在Sequel中,默认的selection是选择所有联接表的所有列。但是Sequel返回的是一个以列名作为key的hash,所有如果有不同表包含相同的列名,返回的hash结果就会有问题。所以使用连接时,通常会使用select、select_all或者select_append。
Sequel中的列引用
Sequel期望指定的列名使用符号,另外,返回的hash结果也使用符号作为key。在很多情况下,这让你可以自由的混用字面值和列引用。下面两行代码产生等价的SQL语句:
items.where(:x => 1)
# SELECT * FROM items WHERE (x = 1)
items.where(1 => :x)
# SELECT * FROM items WHERE (1 = x)"
Ruby的字符串类型也被当做SQL字符串类型处理:
items.where(:x => 'x')
# SELECT * FROM items WHERE (x = 'x')
限定标识符
在SQL中,标识符用于表示一个列、表或者数据库的名字。标识符可以使用带双下划线的特殊符号限定:table__column:
items.literal(:items__price)
# items.price
另一种限定列的方式是使用Sequel.qualify方法:
items.literal(Sequel.qualify(:items, :price))
# items.price
通过表名来限定列是比较常见的,你也可以使用数据库名来限定表:
posts = DB[:some_schema__posts]
# SELECT * FROM some_schema.posts
别名
可以使用三下划线来取别名,:column___alias 或者 :table__column___alias::
items.literal(:price___p)
# price AS p
items.literal(:items__price___p)
# items.price AS p
另一种方式是使用Sequal.as方法:
items.literal(Sequel.as(:price, :p))
# price AS p
你可以使用Sequel.as为任意表达式指定别名,而不只是标识符。
Sequel模型
一个模型类封装了一个数据集,该类的一个实例封装了数据集的一条记录。
Model类是继承自Sequel::Model的普通Ruby类:
DB = Sequel.connect('sqlite://blog.db')
class Post < Sequel::Model
end
当一个Model类被创建后,它会处理数据库中的表,并且设置表中所有列的存取方法(Sequel::Model实现了active record模式)。
Sequel模型类假定表名是类名的复数形式:
Post.table_name #=> :posts
你可以显示的指定表名,或者为数据集指定:
class Post < Sequel::Model(:my_posts)
end
# or:
Post.set_dataset :my_posts
你可以传递给set_dataset一个符号,它假定你要关联到的是同名的表。你也可以通过数据集调用,这将为该model的所有查询设置默认值。

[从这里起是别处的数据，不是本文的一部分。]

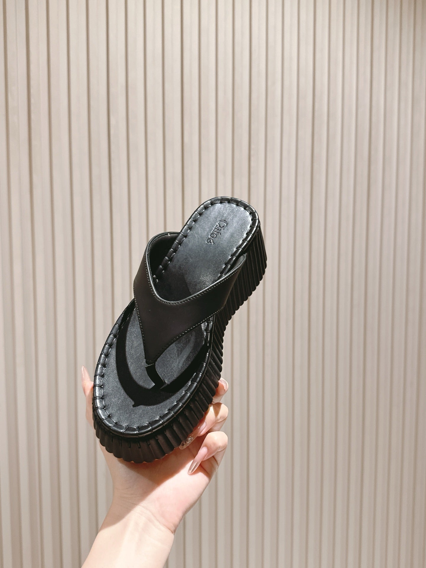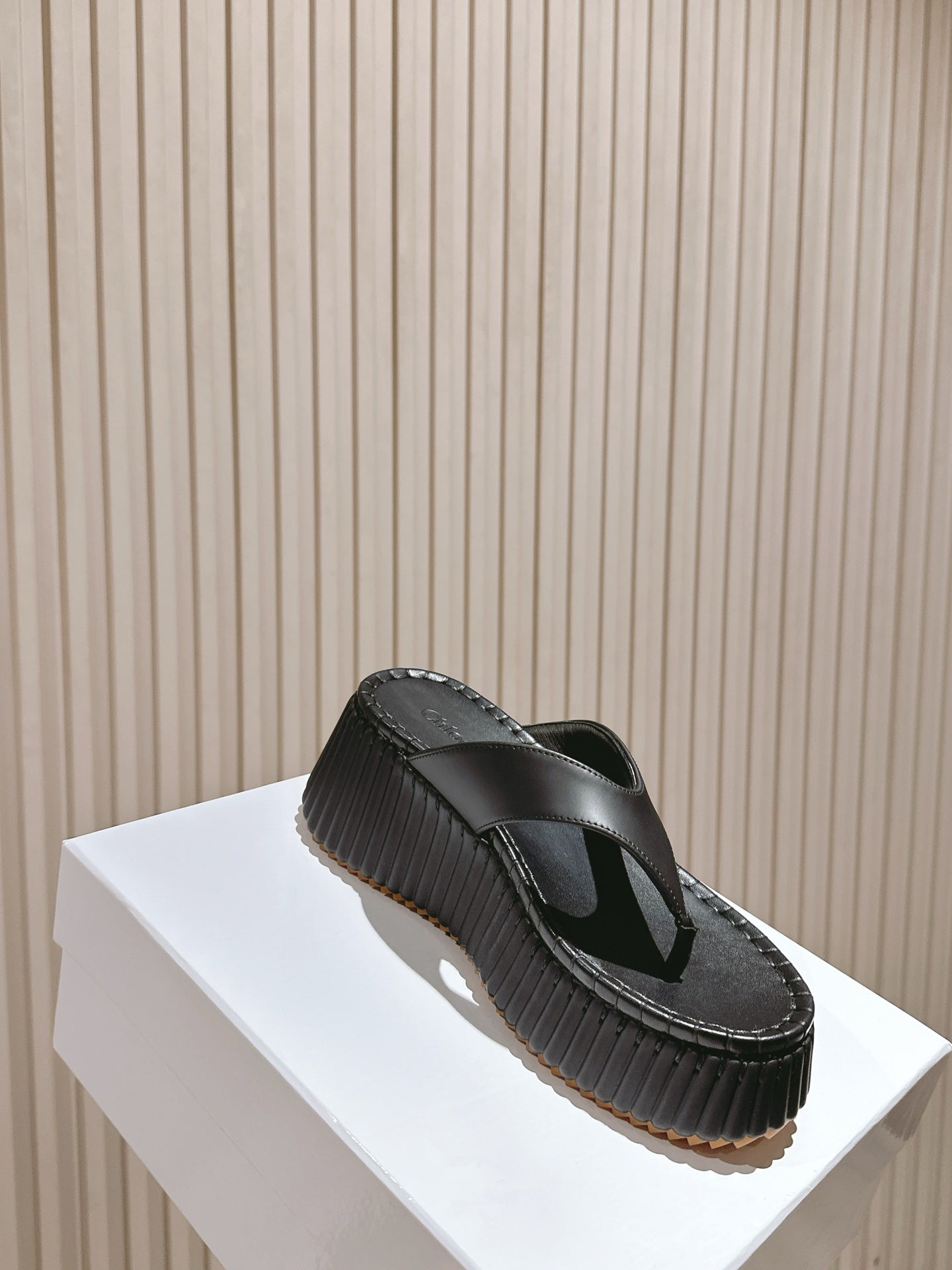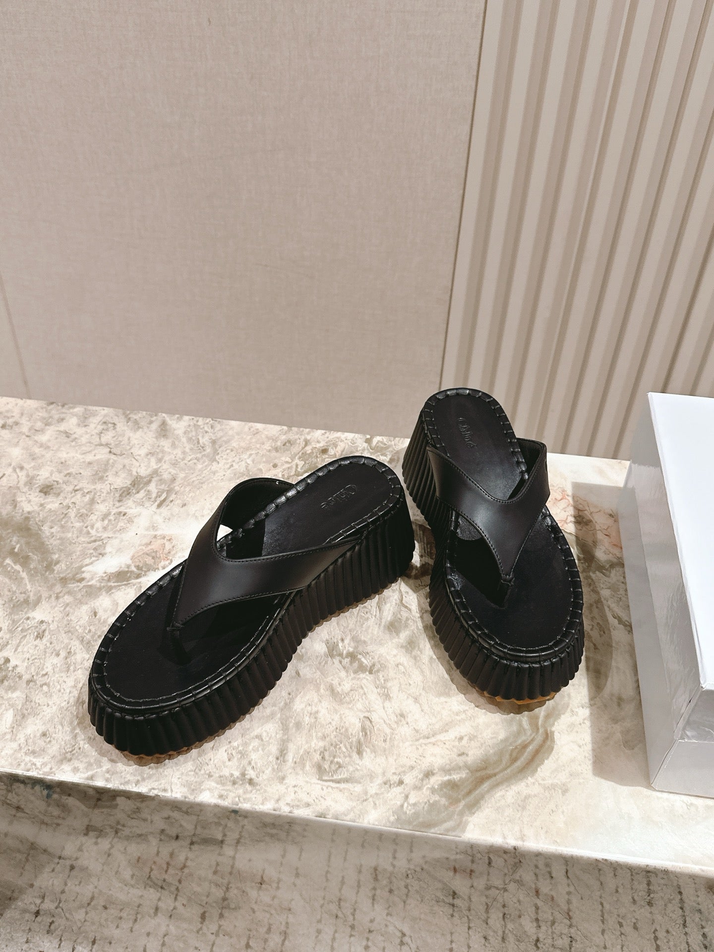 CHLOÉ 26S PLATFORM FLIP-FLOPS IN BLACK LAMBSKIN
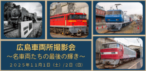 JR貨物では、「広島車両所撮影会」~名車両たちの最後の輝き~を 2025年11月1日(土)、2日(日) に開催します。
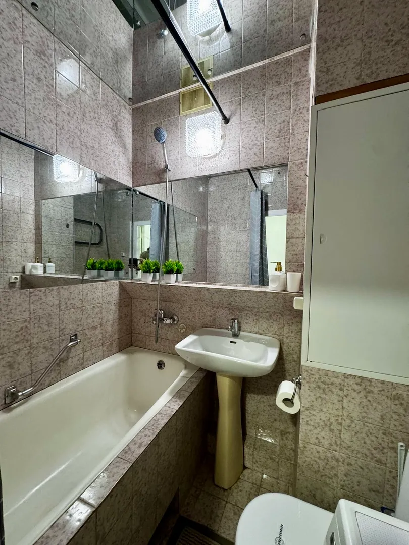 Ремонт далёко не свежий и современный, ванна была вся грязная, и помойте уже наконец зеркала. Кстати о них, во всей квартире только в ванной они есть и те грязные. С балкона дует ужасно, дверь не закрывается толком. Неудобные что диван, что кровать. Входная дверь очень плохо закрывается, слышимость с подъезда очень сильная. И поменяйте уже подушки, все максимально нееомфортные.
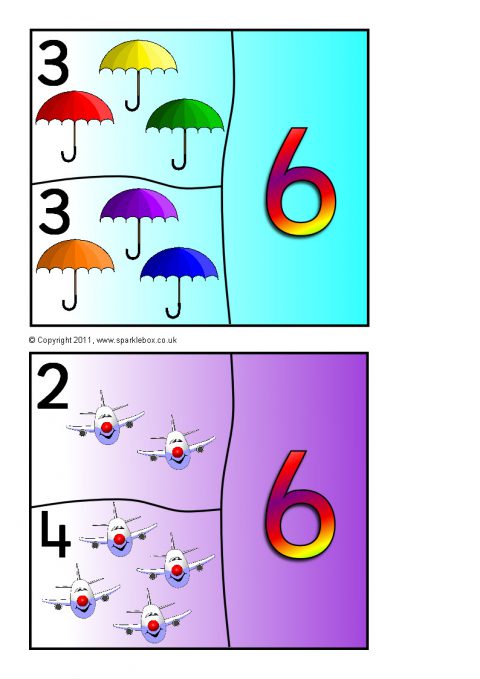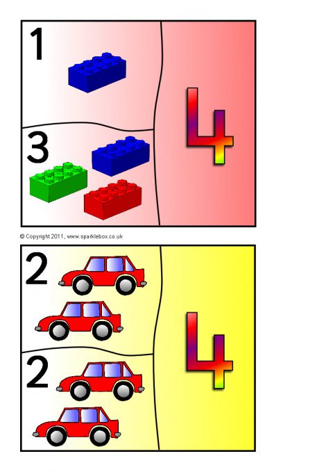 Children match together the different parts of each jigsaw to make different number bonds/complements for numbers 3 to 9.
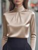 Damska bluzka z wysokim dekoltem i falbanami, elegancki top z długim rękawem, cztery opcje kolorystyczne
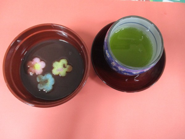 お餅代わりに花柄のお麩を浮かべました。甘くて美味しい、久しぶりと好評でした。
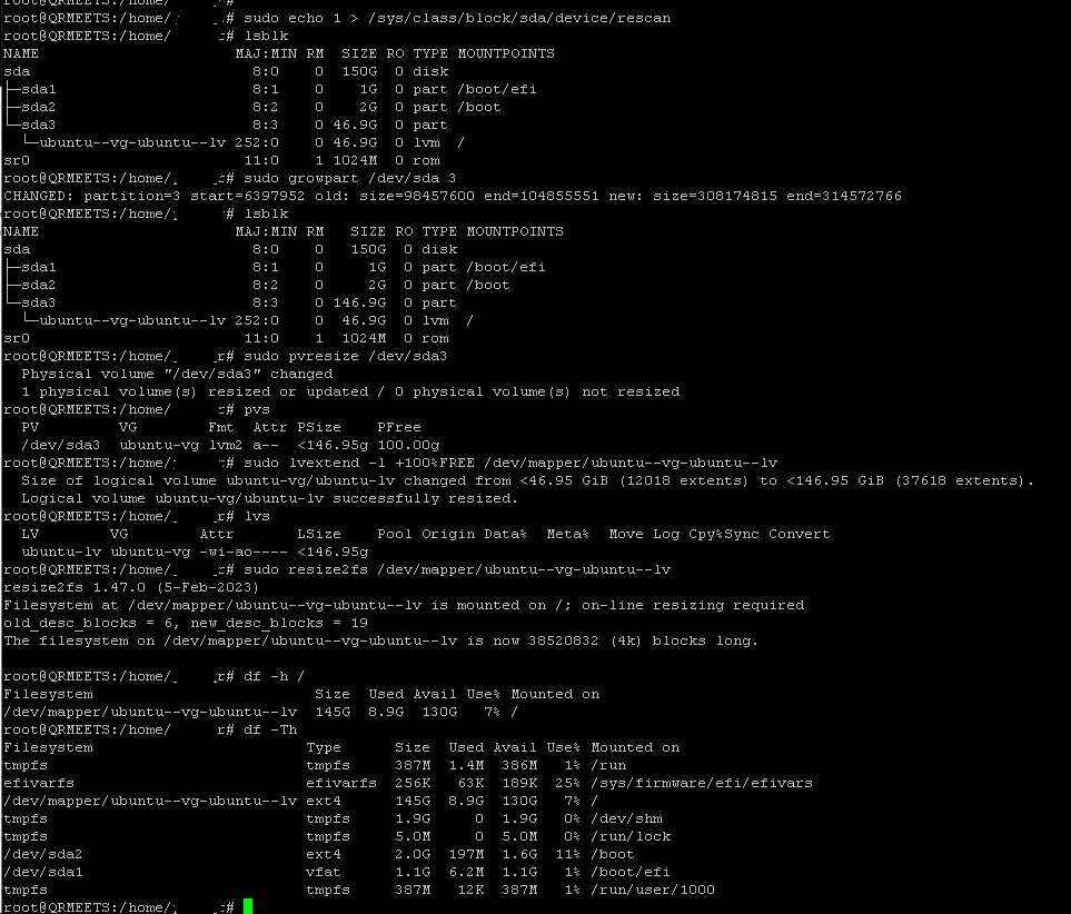 /dev/mapper/ubuntu--vg-ubuntu--lv 145G 8.9G 130G /

Post.set_dataset DB[:my_posts].where(:category => 'ruby')
Post.set_dataset DB[:my_posts].select(:id, :name).order(:date)
这一段表示没看明白:
If you call set_dataset with a symbol, it assumes you are referring to the table with the same name. You can also call it with a dataset, which will set the defaults for all retrievals for that model:
Post.set_dataset DB[:my_posts].where(:category => 'ruby') Post.set_dataset DB[:my_posts].select(:id, :name).order(:date)
模型实例
模型实例由主键标识。大多数情况下,Sequel查询数据库来决定主键,如果没有,默认使用id。Model.[]方法可以用来根据主键提取数据。
post = Post[123]
pk方法用于返回该记录的主键值:
post.pk #=> 123
Sequel模型允许你使用任何列作为主键,即使是由多个列组成的复合键:
class Post < Sequel::Model
set_primary_key [:category, :title]
end
post = Post['ruby', 'hello world']
post.pk #=> ['ruby', 'hello world']
通过no_primary_key,你也可以定义一个没有主键的模型类,同时你也丧失了简单的更新/删除记录的能力了:
Post.no_primary_key
一个单一模型实例也可以通过指定一个条件获取:
post = Post[:title => 'hello world']
post = Post.first{num_comments < 10}
一个model类将很多的方法转发给了底层的数据集,这意味着你可以使用大多数的Dataset API去创建返回模型实例的自定义查询:
Post.where(:category => 'ruby').each{|post| p post}
你也可以操作数据集中的记录:
Post.where{num_comments < 7}.delete
Post.where(Sequel.like(:title, /ruby/)).update(:category => 'ruby')
访问记录值
一个模型实例以hash的形式存储了它的值,hash中的key为符号形式的列名,可以通过values方法获取实例的值:
post.values #=> {:id => 123, :category => 'ruby', :title => 'hello world'}
你可以像访问对象属性一样访问一个记录的值:
post.id #=> 123
post.title #=> 'hello world'
如果记录的属性名在模式能够的数据集中不是有效的列名(比如你使用了select_append方法添加了一个通过计算得到的列),你可以使用Model#[]来访问这些值:
post[:id] #=> 123
post[:title] #=> 'hello world'
你还可以通过以下方式修改记录的值:
post.title = 'hey there'
post[:title] = 'hey there'
这只会改变model实例的值,不会更新数据库中的数据。要更新数据库中的数据,必须使用save方法:
post.save
多列赋值
你可以通过一个方法的调用给多个列赋值,例如,set方法更新模型的列值但不保存到数据库中:
post.set(:title=>'hey there', :updated_by=>'foo')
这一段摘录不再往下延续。